The kicking continued and the one time South Africa looked to run, Pieter-Steph du Toit got isolated and Wyn Jones won a penalty.

That gave Wales a chance to attack, but Biggar’s pass to Halfpenny was forward and the ‘Bok pack won another scrum penalty.

Finally, after 56 of the longest minutes, the crowd remaining in the Yokohama International Stadium were treated to a try.

With the bench having an effect, South Africa opted to go through a couple of phases before Pollard spotted a gap and, with penalty advantage, Damian de Allende backed himself to beat a couple of Welsh defenders and score.

Pollard’s conversion made it a seven-point game, but a brilliant turnover penalty win from prop Dillon Lewis handed Rhys Patchell a chance to kick to the corner.

Patiently, Wales picked and went and carried until they forced penalty advantage and, when de Klerk covered Patchell’s chip, they went for a scrum.

It was risky, but they got their reward as the Springboks bit in on Tomos Williams and he fed Jon Davies who put Adams away in the left corner.

Halfpenny levelled from the touchline and, when Duane Vermeulen conceded a penalty, Wales got another chance to attack but after they couldn’t break the green wall down, Patchell was well wide with a drop-goal attempt.

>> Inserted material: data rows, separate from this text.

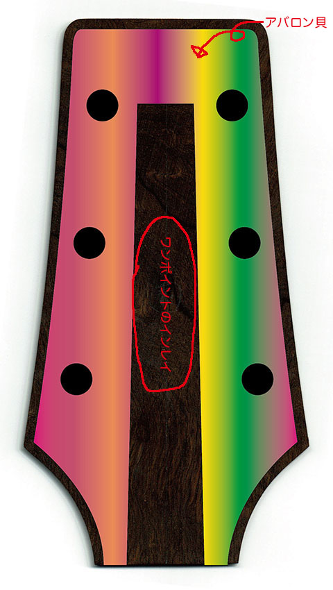 じつはこのご依頼を受けた時に「ハッと」気づいたんですが、↑↑このようにヘッド全体を覆うようなインレイ・装飾はやった事がない。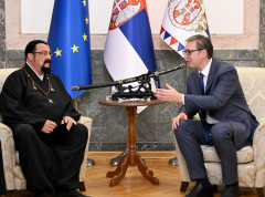 Predsednik Srbije Aleksandar Vučić sastao se danas u Beogradu sa svetski poznatim glumcem, producentom i umetnikom Stivenom Sigalom. Ovaj susret bio je prilika za razgovor o jačanju kulturne i umetničke saradnje između Srbije i međunarodne zajednice. Vučić je istakao značaj promocije Srbije na globalnoj sceni i mogućnosti za zajedničke projekte u oblasti kinematografije i medijskih partnerstava.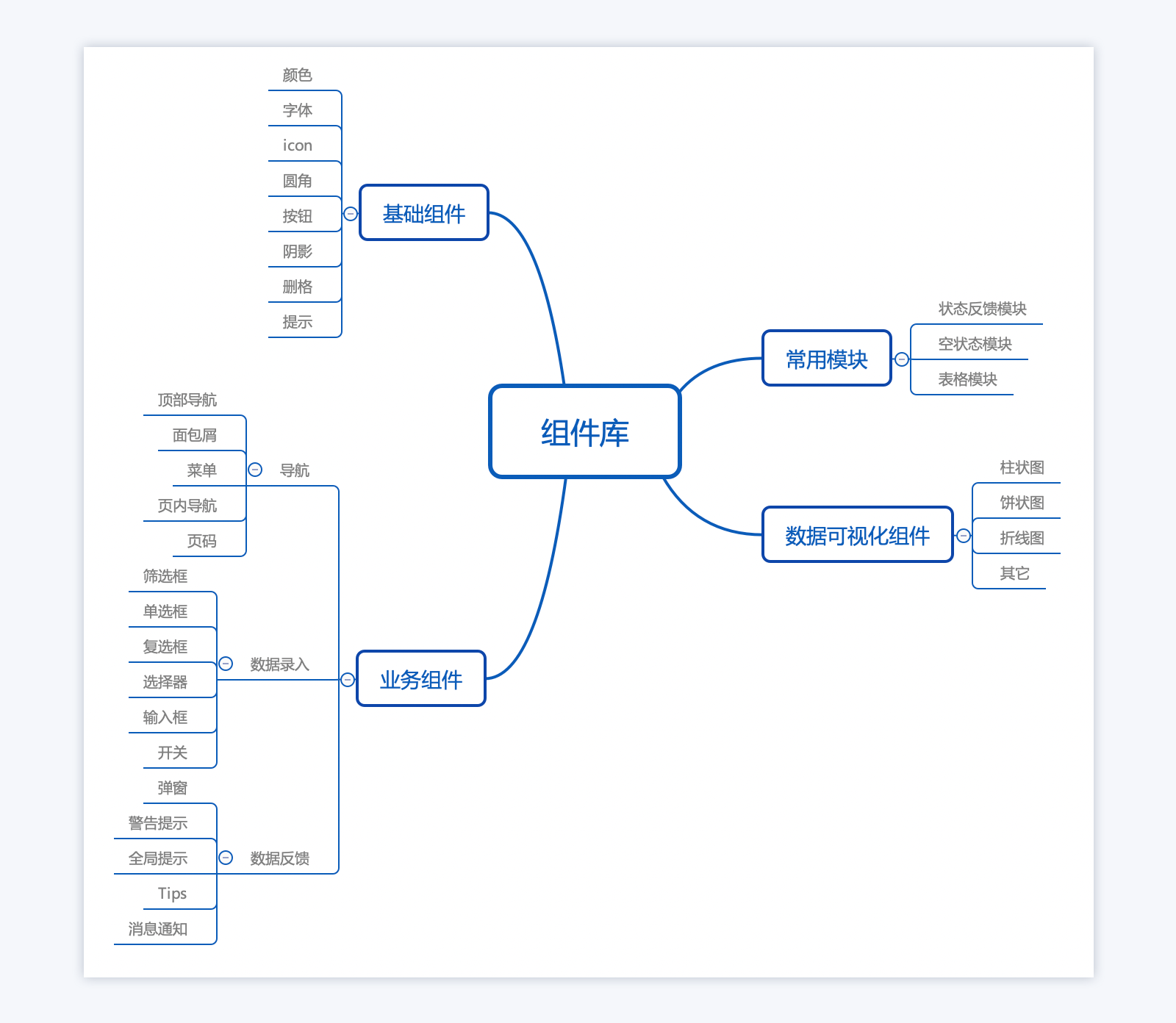 B端组建库的建立,主要把组件概括为四大类:基础组件、业务组件、数据可视化组件、常用模块。具体细分见思维导图: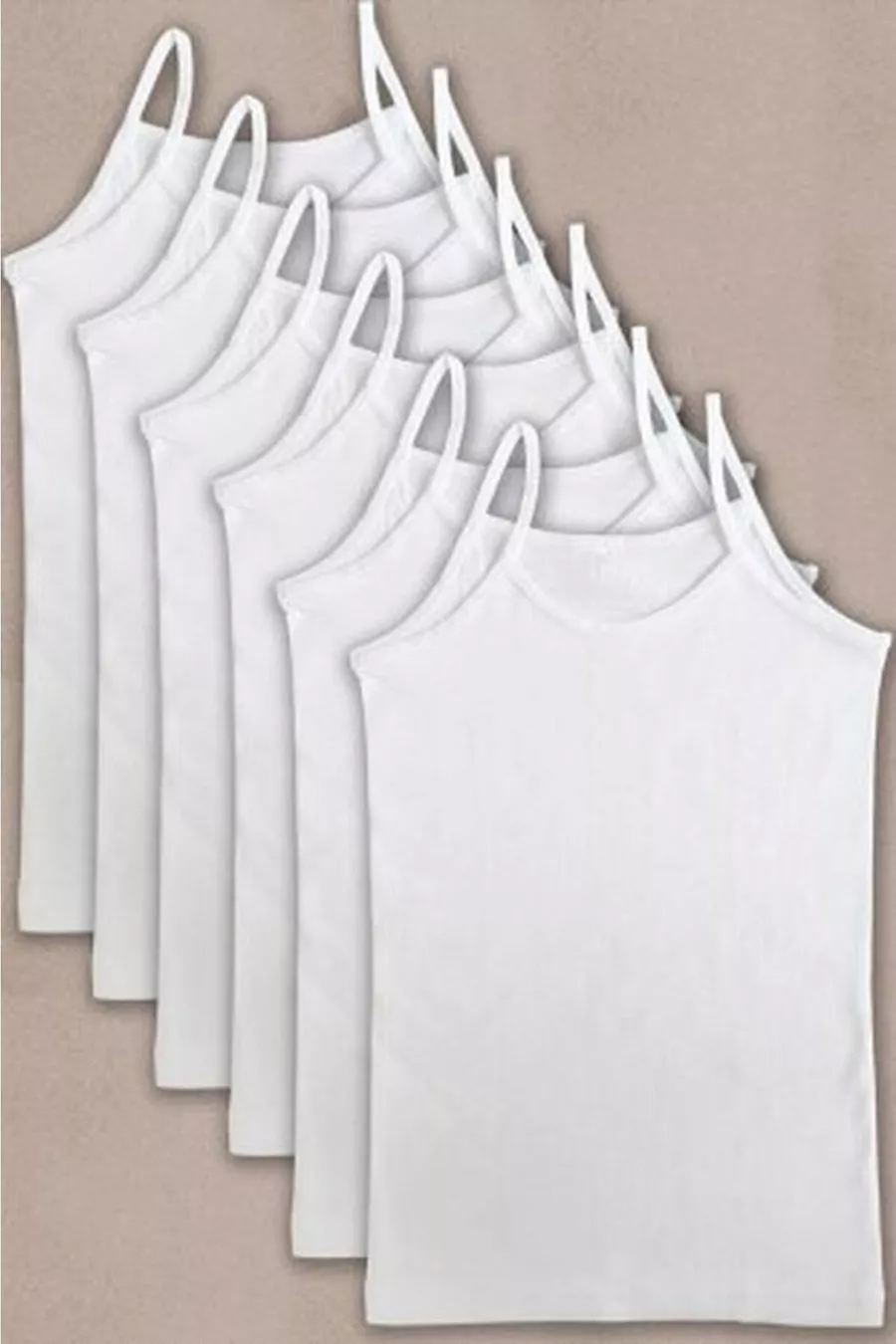 Girls' White Cotton Jersey 6-Pack Tank Top with Straps

As extra-time loomed, Francois Louw made a big poach-penalty play. Pollard kicked to touch and their maul earned a penalty. It wasn’t an easy angle, but the No 10 was unerring.

With four minutes remaining, the Welsh had to chase once again. This time it proved a bridge too far. When their scrum collapsed once more, the game was up and the 'Boks were through.

WALES – L Halfpenny; G North (O Watkin 40), J Davies, H Parkes, J Adams; D Biggar (R Patchell 58), G Davies (T Davies 55); W Jones (R Carre 55), K Owens (E Dee 73), T Francis (D Lewis 36); J Ball (A Beard 60), AW Jones (capt); A Wainwright (A Shingler 69), J Tipuric, R Moriarty.

SOUTH AFRICA – W Le Roux (F Steyn 69); S Nkosi, L Am, D de Allende, M Mapimpi; H Pollard, F de Klerk; T Mtawarira (S Kitschoff 48), M Mbonambi (M Marx 48), F Malherbe (V Koch 48); E Etzebeth (RG Snyman 54), L de Jager (F Mostert 59); S Kolisi (capt) (F Louw 69), PS du Toit, D Vermeulen.